The lack of respect for animal studies among academic scientists has created opportunities for many volunteer and non-scientist observers to break new ground as reporters of animal behavior. Safina visited several communities of animal observers and shares their experiences with us:
- He watches elephants in Africa as they go about their business under the watchful eyes of park rangers trying to protect them from poachers.
- He joins teams of volunteer observers of wolves in Yellowstone National Park.
- He follows orcas (AKA killer whales) with researchers in Puget Sound in Washington State.
Emotional lives of elephants
Unfortunately, elephant populations in Africa are being decimated by poachers because of the value of ivory. Observers of elephant communities therefore have many opportunities to witness the grief that accompanies every loss of a beloved member of the community. Here are a few observations of the behavior of elephants in response to the loss of a comrade:
- “The elephants cautiously extend their trunks, touching the body gently, as if obtaining information. They run their trunk tips along the lower jaw and the tusks and the teeth: the parts that would have been most familiar in life and most touched during greetings…” (1)

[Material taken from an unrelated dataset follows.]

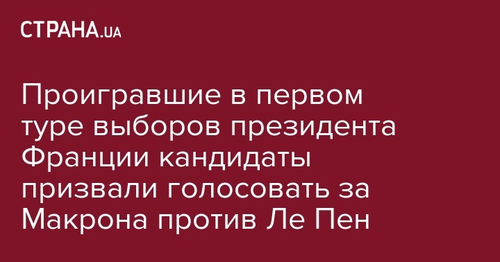 Во Франции кандидаты, потерпевшие поражение в первом туре президентских выборов (Эйро, Казнёв, Фийон и Амон), просят своих избирателей отдавать голоса во втором раунде за лидера движения "На марше" Эмманюэля Макрона. Об этом сообщает ТАСС.

- “Elephants sometimes cover dead elephants with soil and vegetation, making them, I think, the only other animals who perform simple burials…When sport hunters shot a large male elephant, his companions surrounded his carcass. The hunters returned hours later to find that the others had not only covered their dead comrade with soil and leaves but had plastered his large head wound with mud.” (1)
- “…a matriarch named Eleanor, ailing, collapsed. Another matriarch, Grace, rapidly approached her with facial glands streaming from emotion. Grace lifted Eleanor back fully onto her feet. But Eleanor soon collapsed again. Grace appeared very stressed, and continued trying to lift Eleanor. No success. Grace stayed with Eleanor as night fell. During the night, Eleanor died. The next day an elephant named Maui started rocking Eleanor’s body with her foot. During the third day, Eleanor’s body was attended by her own family, by another family, and by Eleanor’s closest friend…A week after her death, Eleanor’s family returned and spent half an hour with her.” (1)
- “When a female named Tonie gave birth to a stillborn baby, she stayed with her dead child for four days, alone in the heat, guarding it from the lions who wanted it.” (1)
A full range of human emotions are implicit in these incidents, such as loyalty to one’s friends and family and maternal love.
Social structure of animal communities
There is as much variety in the structure of animal communities as there is in human communities. Elephant communities are matriarchal. The oldest female is the leader of the group and the group is composed only of females and their offspring. When male elephants reach maturity they wander on their own, interacting with matriarchal families only when the females are in heat. Leadership is conferred on the oldest female because she is the most experienced member of the group. She is therefore in the best position to make important decisions about where the group will go for food and how they will respond to threats from their predators. The quality of that leadership can vary based on the personal attributes of the oldest female, but seniority is the only apparent criterion for that role.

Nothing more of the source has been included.